▶ Available data:
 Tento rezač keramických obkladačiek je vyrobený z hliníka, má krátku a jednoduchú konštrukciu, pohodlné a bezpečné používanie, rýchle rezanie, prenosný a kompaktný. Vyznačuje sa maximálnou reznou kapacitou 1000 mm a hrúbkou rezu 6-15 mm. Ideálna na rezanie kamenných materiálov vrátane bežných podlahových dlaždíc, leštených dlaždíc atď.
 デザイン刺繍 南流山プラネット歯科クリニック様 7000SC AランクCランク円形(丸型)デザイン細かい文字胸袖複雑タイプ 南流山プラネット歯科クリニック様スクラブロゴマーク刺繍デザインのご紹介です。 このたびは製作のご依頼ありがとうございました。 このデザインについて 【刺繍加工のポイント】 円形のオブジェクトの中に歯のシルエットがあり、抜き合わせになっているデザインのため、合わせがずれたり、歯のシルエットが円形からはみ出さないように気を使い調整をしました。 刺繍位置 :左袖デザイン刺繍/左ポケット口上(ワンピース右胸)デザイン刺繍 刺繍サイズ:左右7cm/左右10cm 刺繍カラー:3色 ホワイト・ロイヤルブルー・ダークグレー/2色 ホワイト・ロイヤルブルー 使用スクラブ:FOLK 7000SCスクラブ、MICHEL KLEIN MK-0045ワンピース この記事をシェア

==

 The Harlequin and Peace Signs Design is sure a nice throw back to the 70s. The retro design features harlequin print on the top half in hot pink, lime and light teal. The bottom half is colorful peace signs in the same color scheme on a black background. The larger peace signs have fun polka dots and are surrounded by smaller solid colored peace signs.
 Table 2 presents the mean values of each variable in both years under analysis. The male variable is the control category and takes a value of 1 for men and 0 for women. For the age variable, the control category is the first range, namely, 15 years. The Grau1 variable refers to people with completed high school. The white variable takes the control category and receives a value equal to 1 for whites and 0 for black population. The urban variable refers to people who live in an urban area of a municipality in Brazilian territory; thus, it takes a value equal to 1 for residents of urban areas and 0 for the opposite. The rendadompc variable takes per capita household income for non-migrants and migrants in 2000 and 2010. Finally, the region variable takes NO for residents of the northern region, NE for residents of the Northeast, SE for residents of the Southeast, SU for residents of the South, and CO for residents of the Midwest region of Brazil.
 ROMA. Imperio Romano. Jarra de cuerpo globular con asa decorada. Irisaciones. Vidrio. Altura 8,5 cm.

* * *

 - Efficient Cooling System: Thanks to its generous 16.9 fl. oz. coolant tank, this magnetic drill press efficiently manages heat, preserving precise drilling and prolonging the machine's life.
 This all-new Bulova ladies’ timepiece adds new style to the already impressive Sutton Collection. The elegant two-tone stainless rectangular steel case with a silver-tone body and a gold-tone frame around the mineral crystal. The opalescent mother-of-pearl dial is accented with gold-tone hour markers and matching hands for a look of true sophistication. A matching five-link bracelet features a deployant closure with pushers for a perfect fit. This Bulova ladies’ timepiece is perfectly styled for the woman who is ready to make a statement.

▶ Work instruction:
Out of the data above, set down the lines from the one with "- Efficient Cooling" to the one with "This all-new Bulova", both included, exactly as written and with no additions.

▶ Output:
 - Efficient Cooling System: Thanks to its generous 16.9 fl. oz. coolant tank, this magnetic drill press efficiently manages heat, preserving precise drilling and prolonging the machine's life.
 This all-new Bulova ladies’ timepiece adds new style to the already impressive Sutton Collection. The elegant two-tone stainless rectangular steel case with a silver-tone body and a gold-tone frame around the mineral crystal. The opalescent mother-of-pearl dial is accented with gold-tone hour markers and matching hands for a look of true sophistication. A matching five-link bracelet features a deployant closure with pushers for a perfect fit. This Bulova ladies’ timepiece is perfectly styled for the woman who is ready to make a statement.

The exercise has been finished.